Getting Mechanical Signals Across The Nucleus
Research in the Olivares laboratory focuses on understanding the mechanochemistry of protein complexes within the nuclear envelope important for converting forces felt by the cell into biochemically meaningful outputs such as the activation of gene transcription and chromosome positioning. Key questions driving research in the lab are:
1) How do LINC (linker of nucleoskeleton and cytoskeleton) complexes assemble?
LINC complexes comprise SUN (Sad1 and UNC-84) and KASH (Klarischt, ANC-1 and SYNE homology) domain-containing nesprin (nuclear envelope spectrin-repeat) proteins. SUN proteins bind to nucleoskeletal lamin proteins within the nucleus and span the inner nuclear membrane (INM) to interact with the KASH domain of nesprins in the perinuclear space (PNS or lumen). Nesprins span the outer nuclear membrane (ONM) and interact with the cytoskeleton. Several different LINC complexes form within the PNS consisting of SUN1-3 and nesprins 1-4 and appear to be dynamic in cells. We want to address the observed dynamic nature of these complexes by examining if inherent differences in thermodynamic and kinetic stabilities regulate complex assembly.
2) How does mechanical force affect LINC complex assembly and structure?

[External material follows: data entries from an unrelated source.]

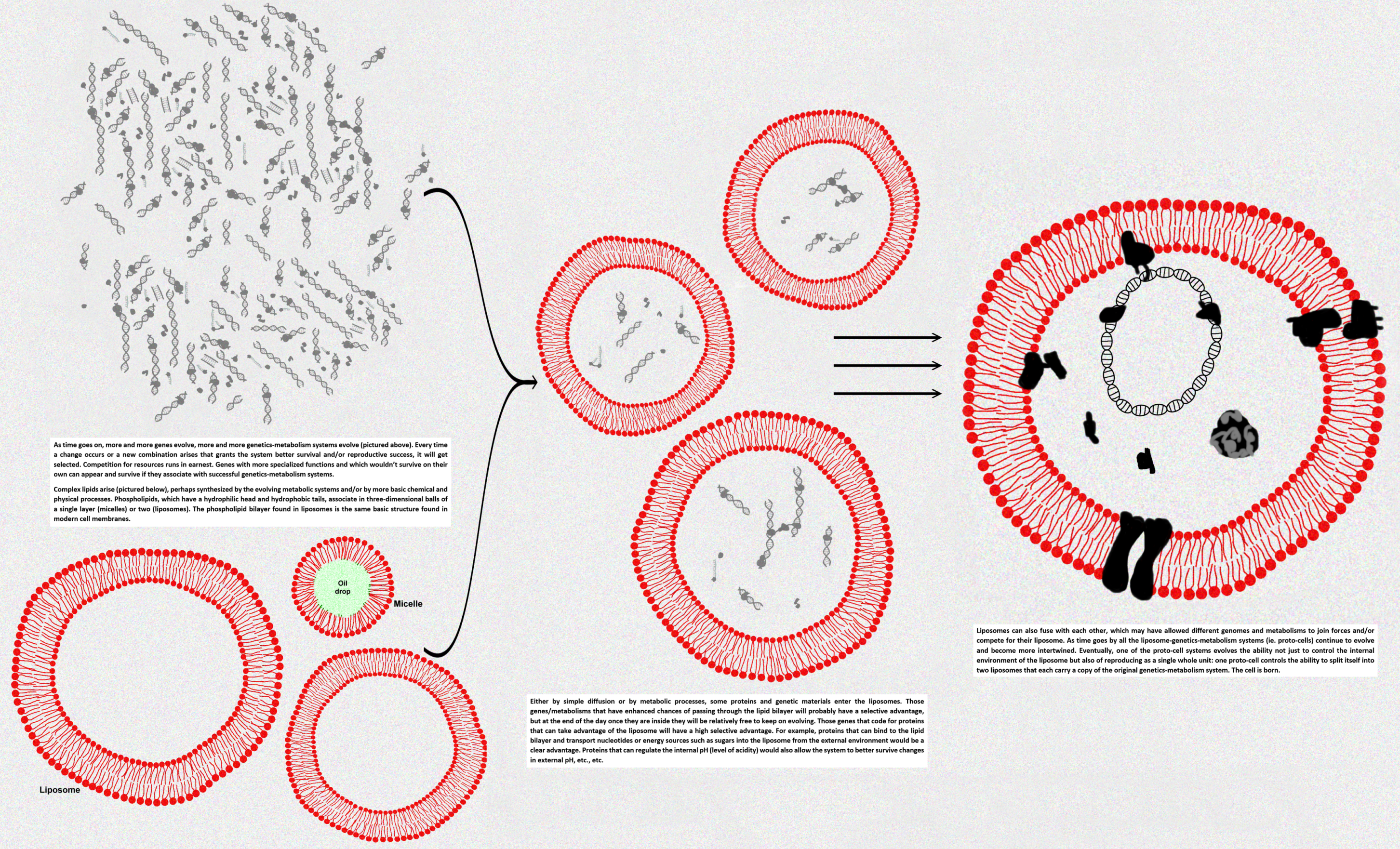 To understand how the first cell came into being we must turn to lipids. Yes, greasy, nasty fats actually have very interesting properties other than making your cheese-burger tasty. Phospholipids in particular readily self-assemble into liposomes or micelles (see picture below) when in aqueous solution and, interestingly enough, the cell membrane shares the same basic structure with liposomes. This happens because these molecules are very polarized: one end is hydrophilic (attracts water, repels lipids), the rest is hydrophobic (repels water, attracts lipids). For an idea of how we can go from liposomes to cells take a look at the gorgeous figure below:
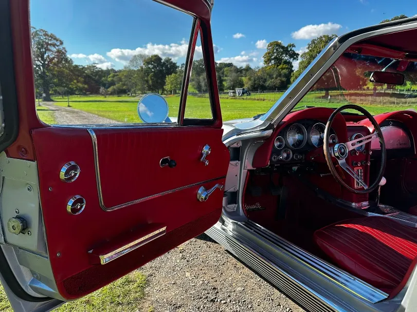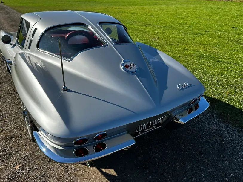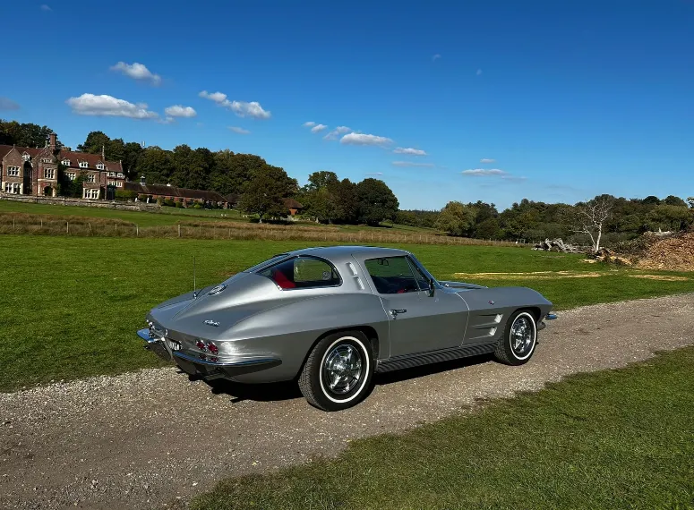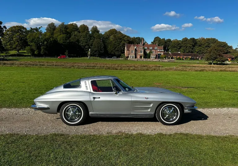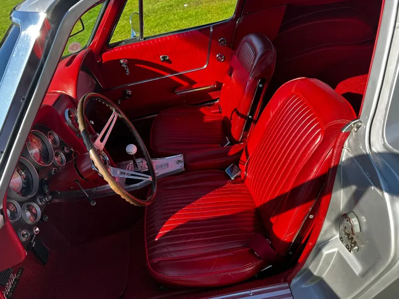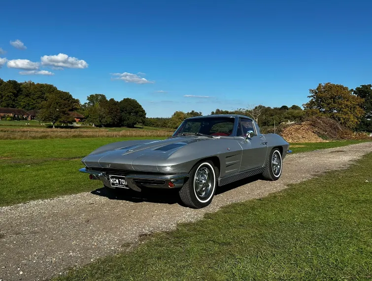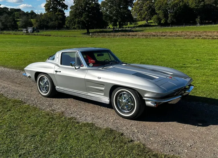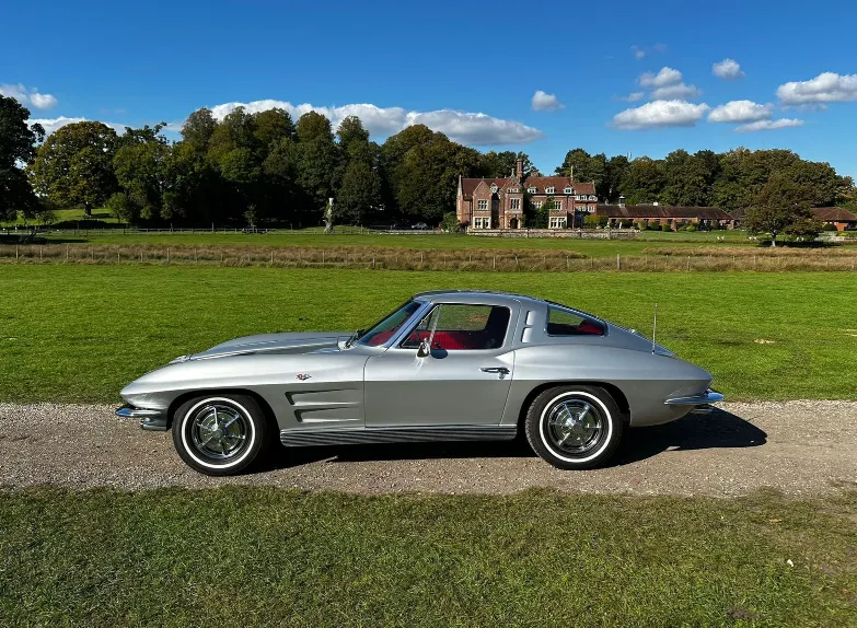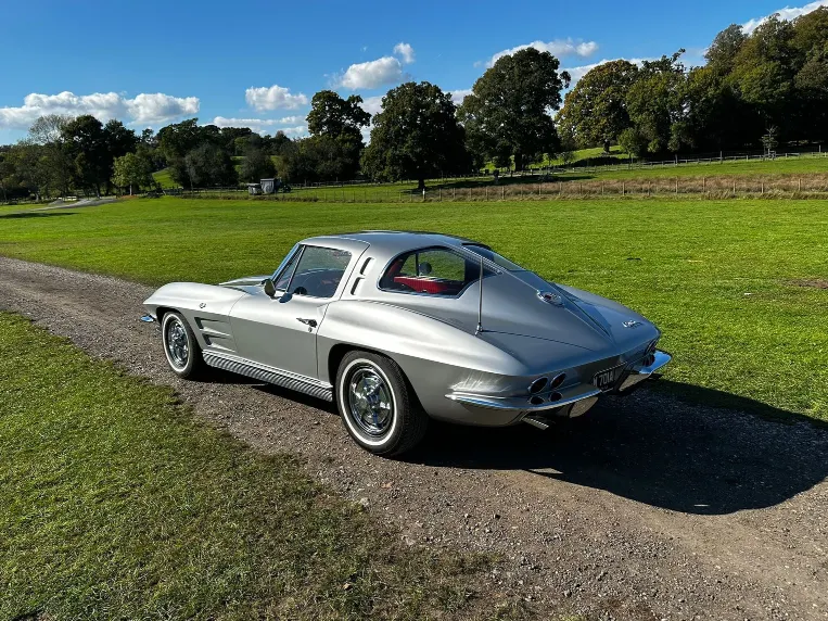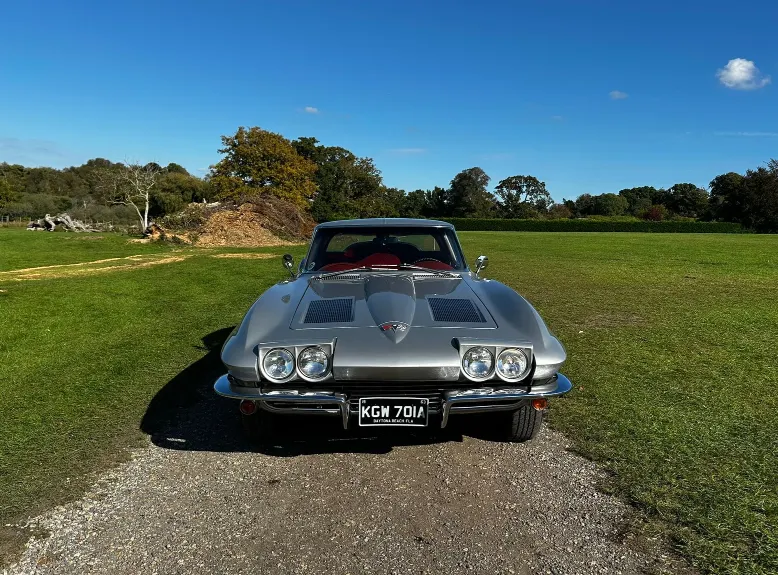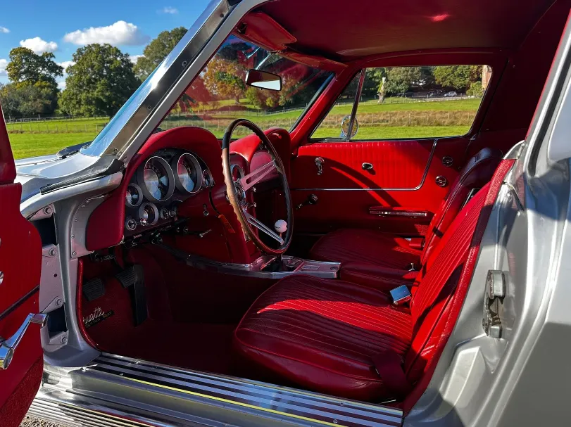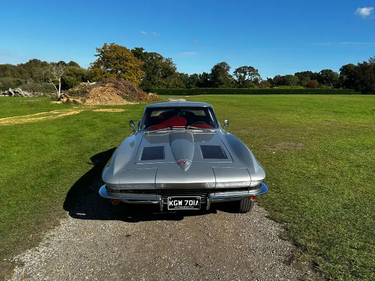 1963 Corvette Stingray Split Window. 56 thousand Kilometres showing. Finished in Sebring Silver with Red Leather interior. Powered by the desirable 327ci 5.4 V8 engine, producing 300 Horsepower. Four speed manual gearbox. On the 15th of April 1963, this Corvette was first delivered to Chevrolet dealer Spence Chevrolet, on Daytona Beach. It has spent most of its life in Florida. The colour and trim are as original with even the seats believed to be original. Correct original AM/FM radio. It is fitted with an ‘LSD Powerlock’ differential and power steering. The front brakes have been upgraded to 1965 specification in interests of safety. The car is sitting on period correct wheels. Flow Master Mufflers. A new fuel tank has also been fitted. The history file includes a NCRS (National Corvetter Registers Society) certificate, a copy of the original bill of sale, various invoices and more. This Corvette is in lovely condition throughout. It is the perfect example for any collector or enthusiast, as the split window was only made in 1963, and also the first Corvette to use the Stingray name. For further enquiries or to arrange a viewing, contact our sales department on 01435489575 or sales@classicconnection.co.uk. £139,995 any inspection welcome and delivery available.
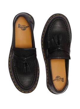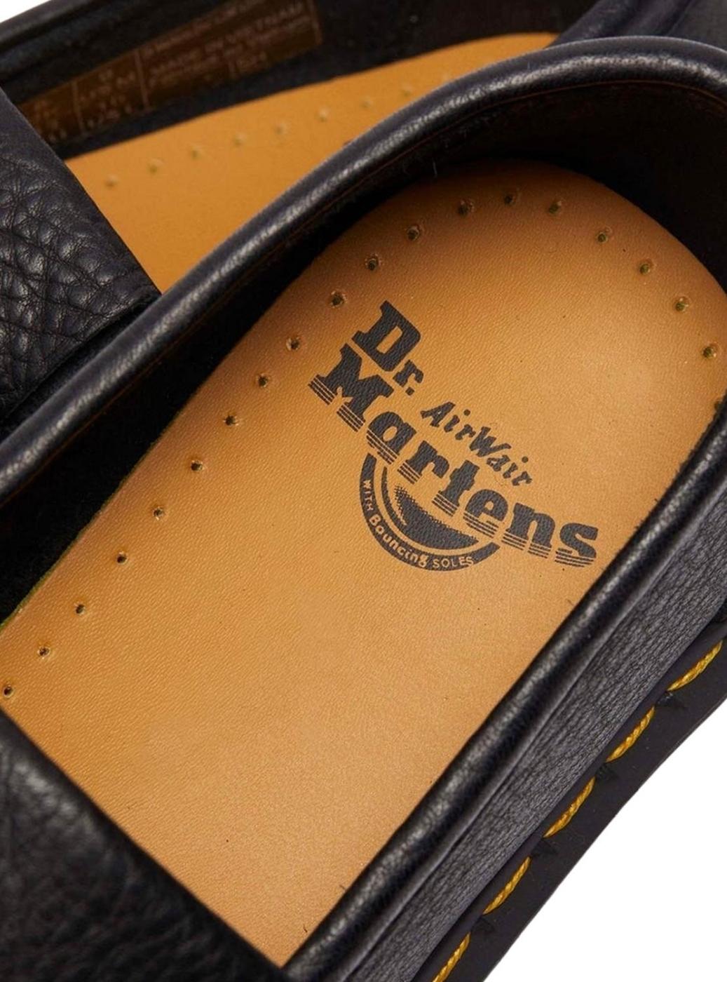 Mocassins Dr. Martens. Modelo Adrian. Cor preto. Sola de PVC com costura emblemática. Exterior em pele texturizada e engraxada. Franja superior. Interior em 60% couro e 40% têxtil.
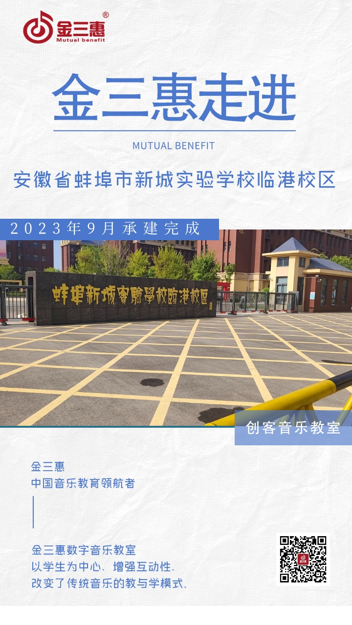 2023年9月,金三惠數(shù)字音樂教室為安徽省蚌埠市新城實驗學(xué)校臨港校區(qū)提供、安裝、培訓(xùn)的24+1智慧創(chuàng)客音樂教室正式開始使用!配備了金三惠教學(xué)系統(tǒng)、電鋼琴、數(shù)字音樂教學(xué)儀等教學(xué)教具。
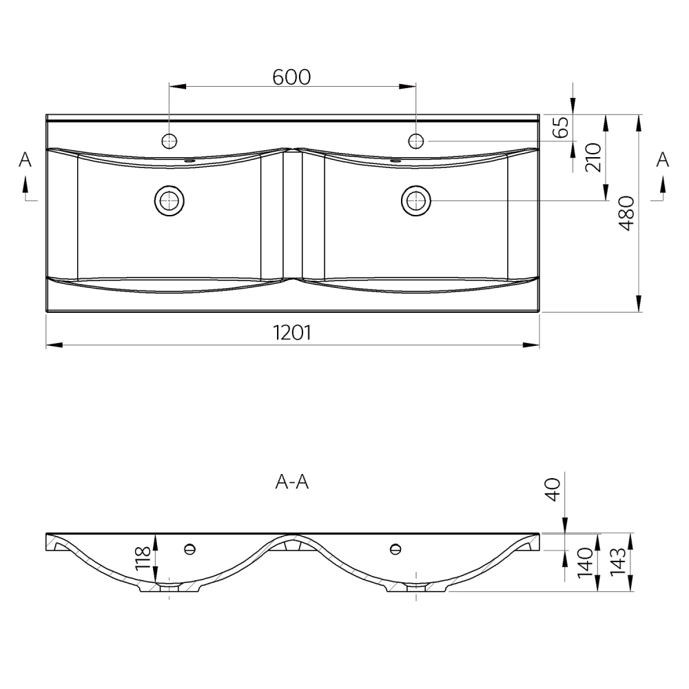 Sapho SLIM 120x46 cm dupla mosdó, fehér 1601-120
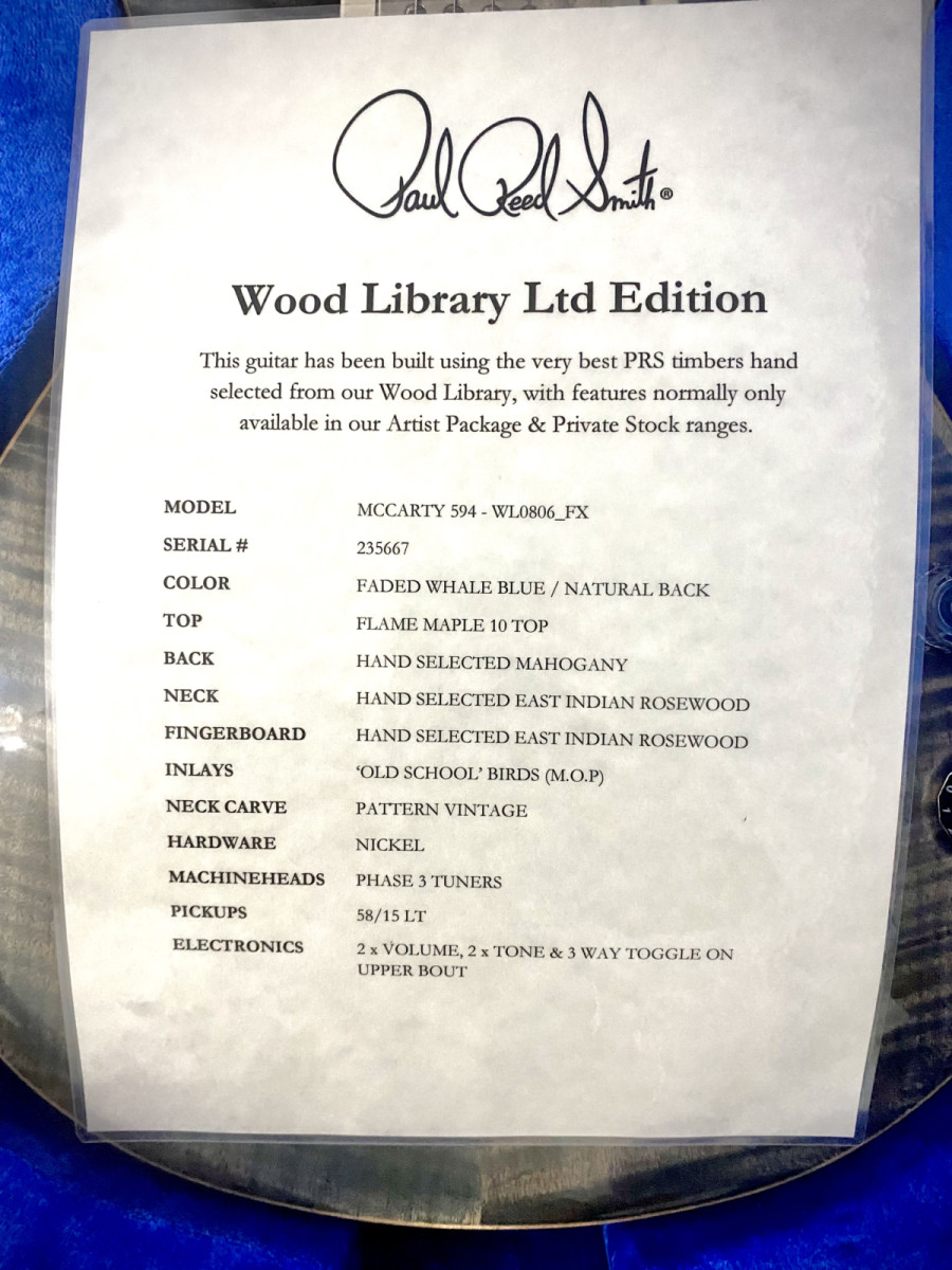 CAMBIOS, PRS Wood Library, limited Edition,10 Top en Barcelona6500 €
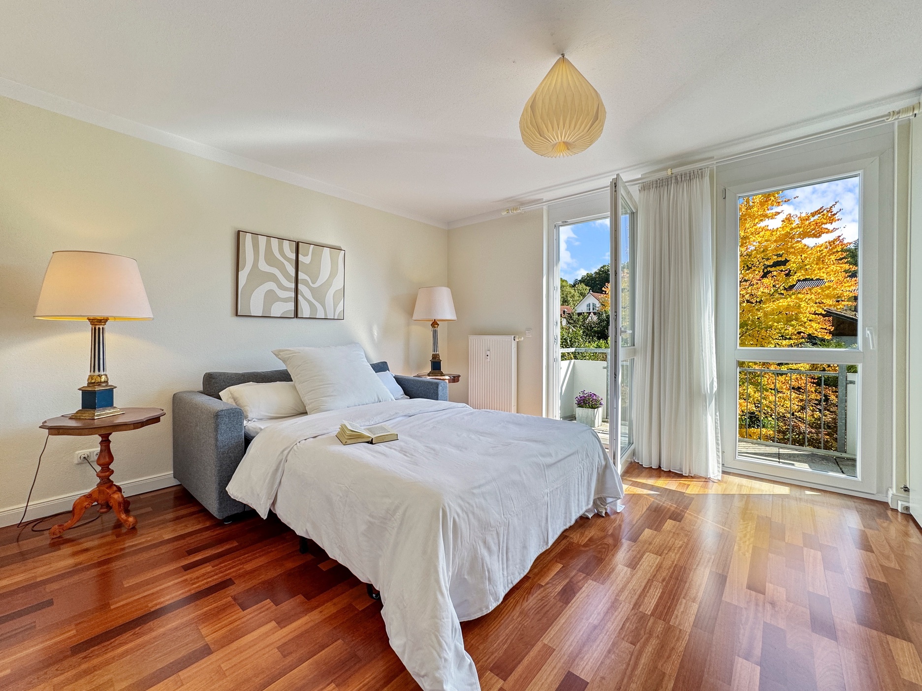 Die ruhige Wohnung liegt in der ersten Etage zurückversetzt von der Anliegerstraße mit herrlichem Blick in große Gärten und ideal nach Osten, Süden und Westen ausgerichtet, bietet den ganzen Tag ein sonniges Wohnerlebnis. Die unmittelbare Umgebung ist geprägt von gepflegten Einfamilienhäusern und kleineren Wohnanlagen, stillen Gärten und begrünten Wegen – ideal für die kleine Familie, Paare oder alle, die Wert auf ruhiges, naturnahes Wohnen legen.
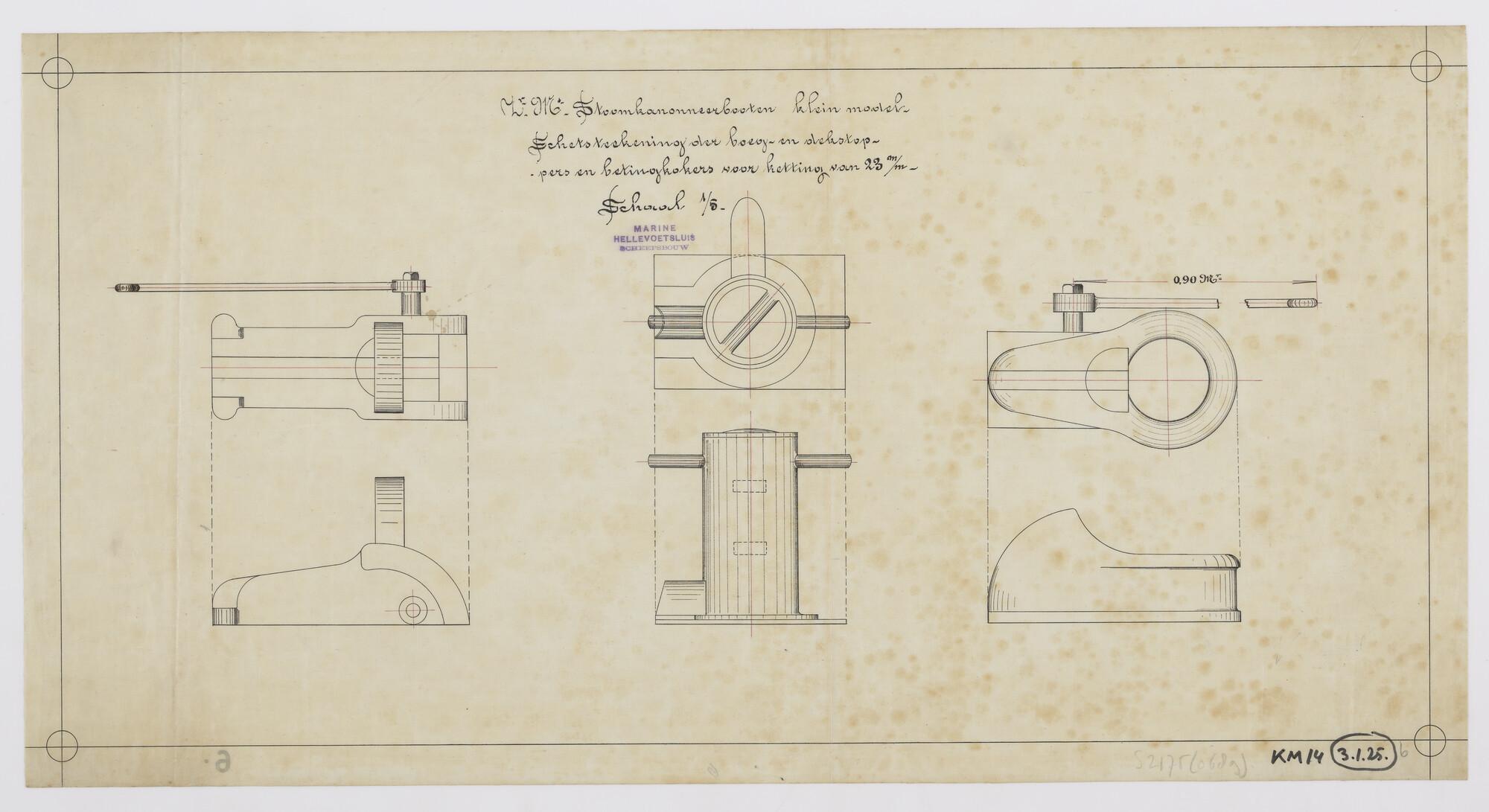 Schetstekening van de boevy- en dekstoppers en betingkoker van de stoomkanonneerboten der eerste klasse type Wodan en die der tweede klasse type Ever (schaal 1:5).

LINC complexes are proposed to withstand and transmit large mechanical loads over the nuclear envelope. However, nothing is known about which regions of LINC complex proteins are important for force transduction. For example, SUN proteins contain a long coiled-coil region important for trimerization in vitro and function in vivo (Sosa et al., Cell 2012). Sosa et al. propose that this region may serve to maintain the observed regular spacing between the ONM and INM that is lost upon SUN protein depletion (Crisp et al., J Cell Biol 2006). Does this triple helical arrangement impart unique mechanical properties to SUN proteins and LINC complexes in general? Under what loads do LINC complex proteins unfold and which parts unfold first? To address these questions, we are determining the forces at which mechanical unfolding occurs, the pathway of unfolding, the contribution of the coiled-coil region and oligomerization to unfolding, and how LINC complexes rupture using single-molecule force spectroscopy.